Add FiniteElement python wrapper

python/dolfinx/fem/__init__.py

@@ -32,7 +32,7 @@
     locate_dofs_topological,
 )
 from dolfinx.fem.dofmap import DofMap
-from dolfinx.fem.element import CoordinateElement, coordinate_element
+from dolfinx.fem.element import CoordinateElement, FiniteElement, coordinate_element, finiteelement
 from dolfinx.fem.forms import (
     Form,
     compile_form,
@@ -91,7 +91,11 @@ def create_interpolation_data(
     """
     return _PointOwnershipData(
         _create_interpolation_data(
-            V_to.mesh._cpp_object.geometry, V_to.element, V_from.mesh._cpp_object, cells, padding
+            V_to.mesh._cpp_object.geometry,
+            V_to.element._cpp_object,
+            V_from.mesh._cpp_object,
+            cells,
+            padding,
         )
     )
 
@@ -169,6 +173,7 @@ def compute_integration_domains(
     "DofMap",
     "ElementMetaData",
     "Expression",
+    "FiniteElement",
     "Form",
     "Function",
     "FunctionSpace",
@@ -189,6 +194,7 @@ def compute_integration_domains(
     "dirichletbc",
     "discrete_gradient",
     "extract_function_spaces",
+    "finiteelement",
     "form",
     "form_cpp_class",
     "functionspace",

python/dolfinx/fem/element.py

@@ -1,4 +1,4 @@
-# Copyright (C) 2024 Garth N. Wells
+# Copyright (C) 2024 Garth N. Wells and Paul T. Kühner
 #
 # This file is part of DOLFINx (https://www.fenicsproject.org)
 #
@@ -12,6 +12,8 @@
 import numpy.typing as npt
 
 import basix
+import ufl
+import ufl.finiteelement
 from dolfinx import cpp as _cpp
 
 
@@ -93,7 +95,7 @@ def pull_back(
                 ``shape=(num_points, geometrical_dimension)``.

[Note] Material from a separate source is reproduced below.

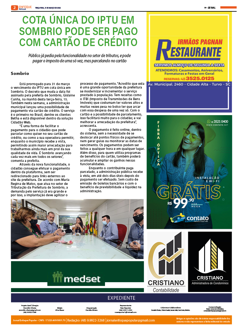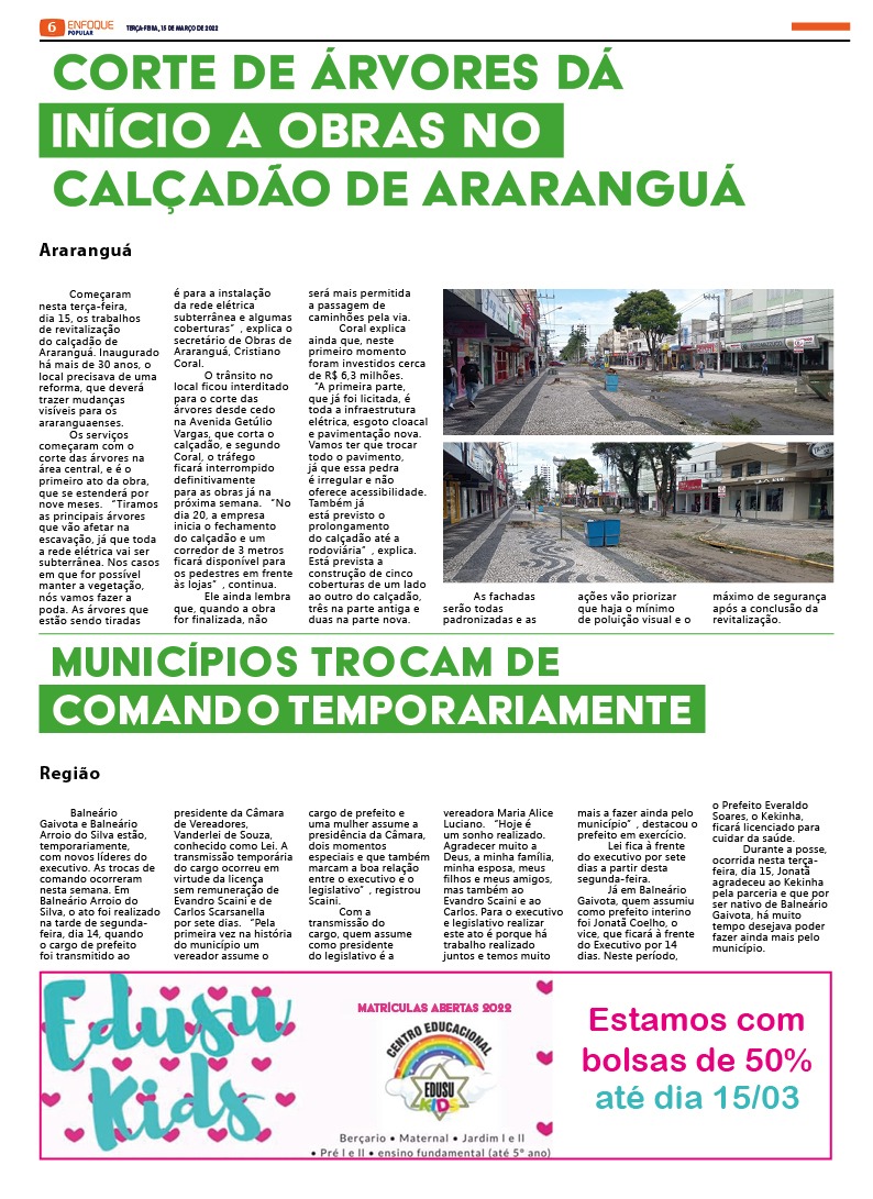 Edição 2596 – 15-03-2022 / Jornal Enfoque Popular Editar

             cell_geometry: Physical coordinates describing the cell,
                 shape ``(num_of_geometry_basis_functions, geometrical_dimension)``
-                They can be created by accessing `geometry.x[geometry.dofmap.cell_dofs(i)]`,
+                They can be created by accessing ``geometry.x[geometry.dofmap.cell_dofs(i)]``,
 
         Returns:
             Reference coordinates of the physical points ``x``.

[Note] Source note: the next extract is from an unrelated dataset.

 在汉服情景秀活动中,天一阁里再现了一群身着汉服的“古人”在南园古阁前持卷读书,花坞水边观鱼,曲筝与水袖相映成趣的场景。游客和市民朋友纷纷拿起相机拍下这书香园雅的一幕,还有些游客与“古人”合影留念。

@@ -160,3 +162,190 @@ def _(e: basix.finite_element.FiniteElement):
         return CoordinateElement(_cpp.fem.CoordinateElement_float32(e._e))
     except TypeError:
         return CoordinateElement(_cpp.fem.CoordinateElement_float64(e._e))
+
+
+class FiniteElement:
+    _cpp_object: typing.Union[_cpp.fem.FiniteElement_float32, _cpp.fem.FiniteElement_float64]
+
+    def __init__(
+        self,
+        cpp_object: typing.Union[_cpp.fem.FiniteElement_float32, _cpp.fem.FiniteElement_float64],
+    ):
+        """Creates a Python wrapper for the exported finite element class.
+
+        Note:
+            Do not use this constructor directly. Instead use :func:``finiteelement``.
+
+        Args:
+            The underlying cpp instance that this object will wrap.
+        """
+        self._cpp_object = cpp_object
+
+    def __eq__(self, other):
+        return self._cpp_object == other._cpp_object
+
+    @property
+    def dtype(self) -> np.dtype:
+        """Geometry type of the Mesh that the FunctionSpace is defined on."""

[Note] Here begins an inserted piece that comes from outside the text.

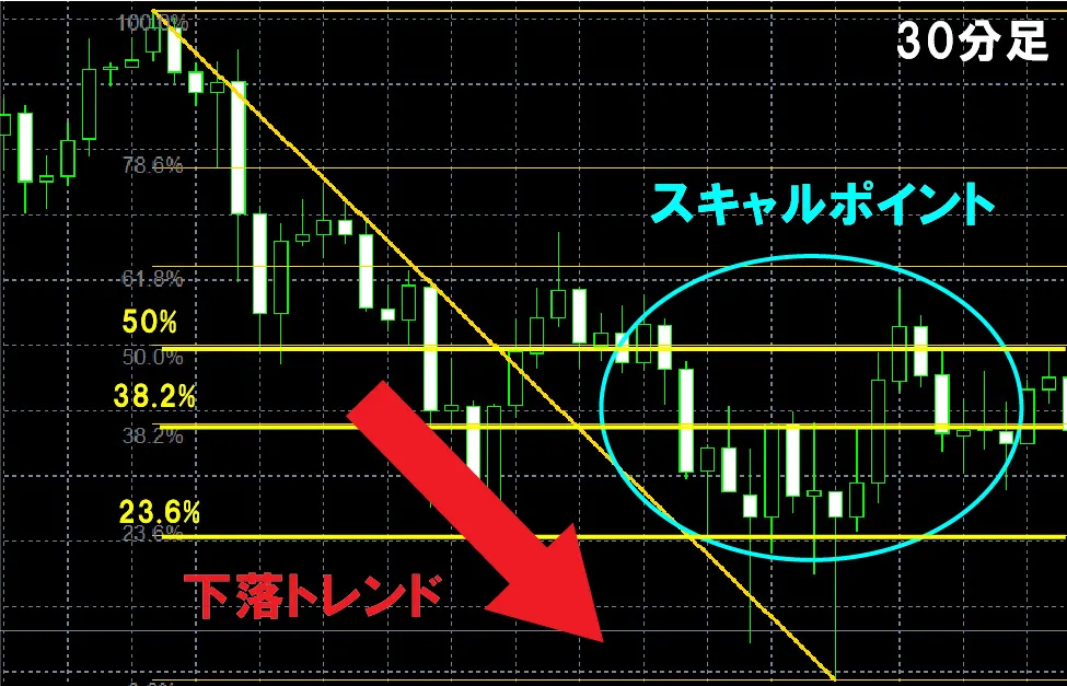 ・時間足:30分足に自動フィボナッチ

+        return self._cpp_object.dtype
+
+    @property
+    def basix_element(self) -> basix.finite_element.FiniteElement:
+        """Return underlying Basix C++ element (if it exists).
+
+        Raises:
+            Runtime error if Basix element does not exist.
+        """
+        return self._cpp_object.basix_element
+
+    @property
+    def num_sub_elements(self) -> int:
+        """Number of sub elements (for a mixed or blocked element)."""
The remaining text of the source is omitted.